In this research, we used public databases to explore the differences in SIRT1 expression in the brains of schizophrenic patients and healthy controls. Later, we attempted to identify the association of SIRT1 mRNA and the rs3758391 polymorphism with susceptibility to schizophrenia and associated depressive symptoms. Finally, in order to detect the effect of rs3758391 polymorphism on brain SIRT1 mRNA expression, we used an available database for eQTL analysis.

Materials and Methods

Subjects

Seven hundred and fifteen schizophrenia patients were recruited from mental health institute in Eastern China (Shanghai Mental Health Center, Affiliated Kangning Hospital, Wenzhou Medical University, and Jinhua Second Hospital), the inclusion criteria are in accordance with our previous publications and are as follows (Zhang et al., 2011; Cai et al., 2015; Wang et al., 2016; Zhang et al., 2018): (1) illness course less than 5 years; (2) with a stable condition over 6 months; (3) junior high school education or above; (4) not treated with a mood stabilizer or antidepressant; and (5) total scores for PANSS under 60 Patients who with other psychiatric disorders, had a severe physical disease, with substance dependence or abuse, are pregnant or nursing women were all excluded. Moreover, mRNA samples were obtained from 198 patients who treated with olanzapine monotherapy. The 723 healthy subjects were included as controls, and the detailed recruitment requirements were based on our previous studies (Zhang et al., 2017).
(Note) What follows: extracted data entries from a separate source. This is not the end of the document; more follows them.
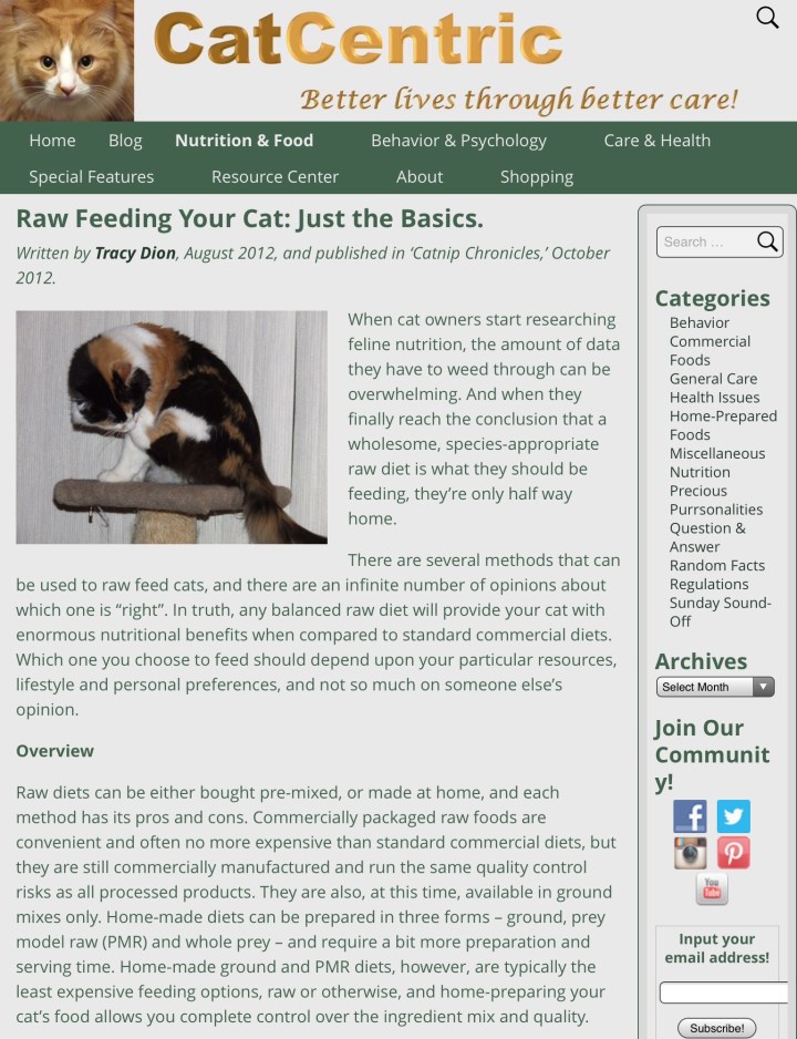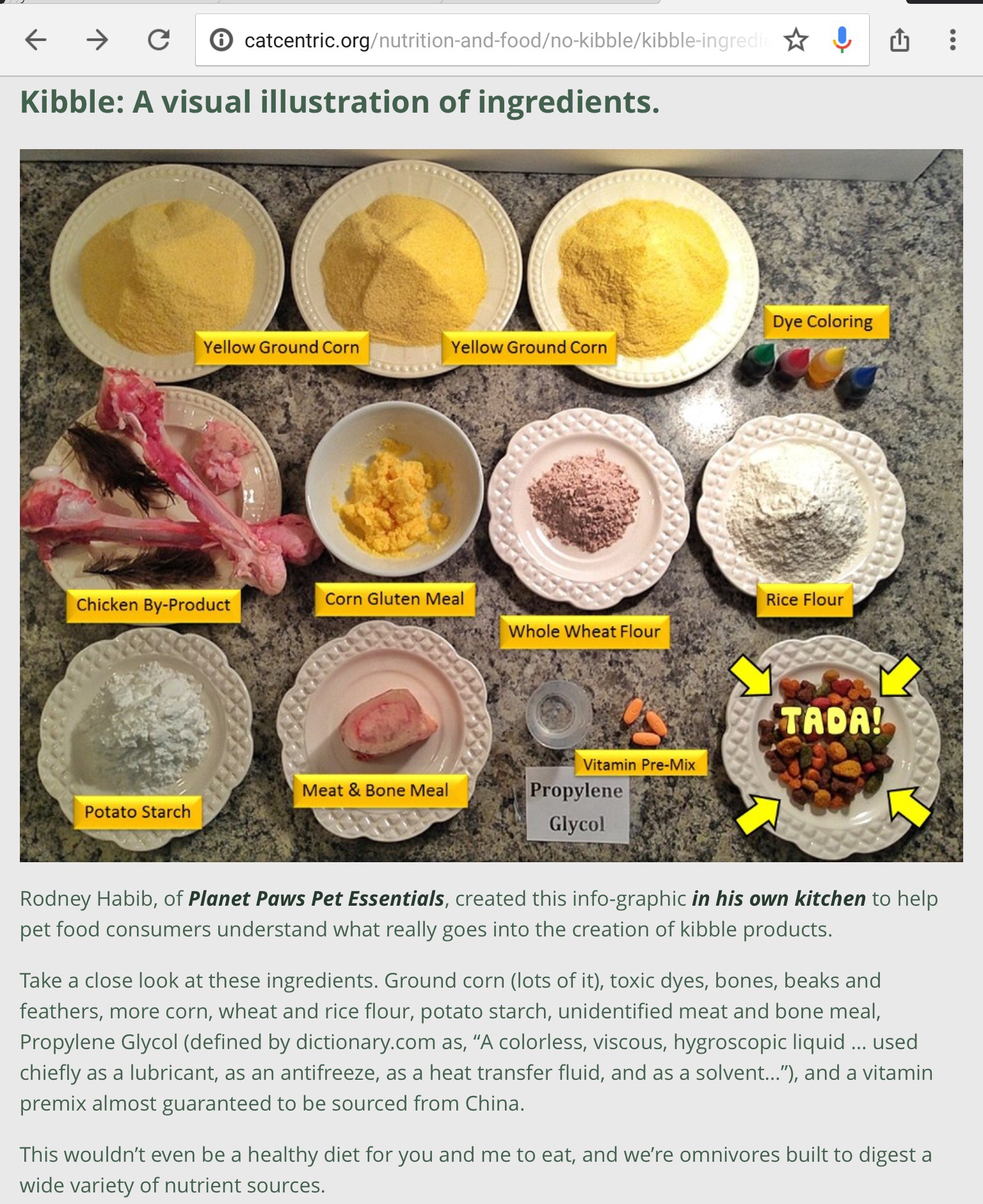 After learning about feeding our pets a more species-appropriate diet, we were so intimidated about where to begin. The pros and cons of feeding processed vs. raw are eye-opening and motivating! Here are some screen-grabs , loaded with information, that really pushed us to start to transition to raw! We learned a lot from CatCentric.org, it so detailed in teaching us about how to care for our cats better. I can’t possibly explain this as well as Tracy , so please check out her site! (www.CatCentric.org )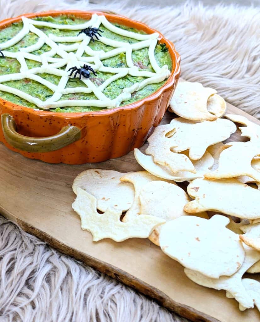 shot of assembled Halloween Guacamole with Spooky Chips on a wooden board
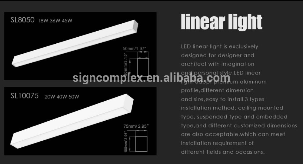 Hot selling high quality indoor led suspended ceiling lighting linear panel light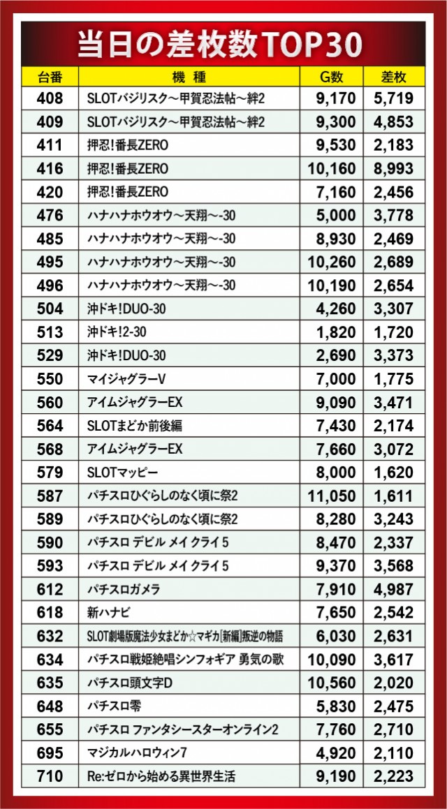 上表をご覧の通り、万回転を突破した台が多く見られたのが特徴的だった。それに伴い、『SLOTバジリスク~甲賀忍法帖~絆2』では+5,719枚、『パチスロガメラ』+4,987枚といった大台到達台も見られる。当日の最高記録は『押忍!番長ZERO』416番台+8,993枚となっており、こちらでも万回転到達を確認できることから、相応に手ごたえを感じられたのは間違いない。

The Institutional Review Boards of Jinhua Second Hospital and other related institutions reviewed and approved this research. We obtained the written informed consent of all participants and strictly followed the experimental guidelines in the Declaration of Helsinki.

Evaluation

The psychiatric symptoms and the severity of depression were evaluated by the PANSS and the Calgary Depression Scale (CDSS). Patients were defined as having significant depression if they had a CDSS score of 7 or higher (Peitl et al., 2017).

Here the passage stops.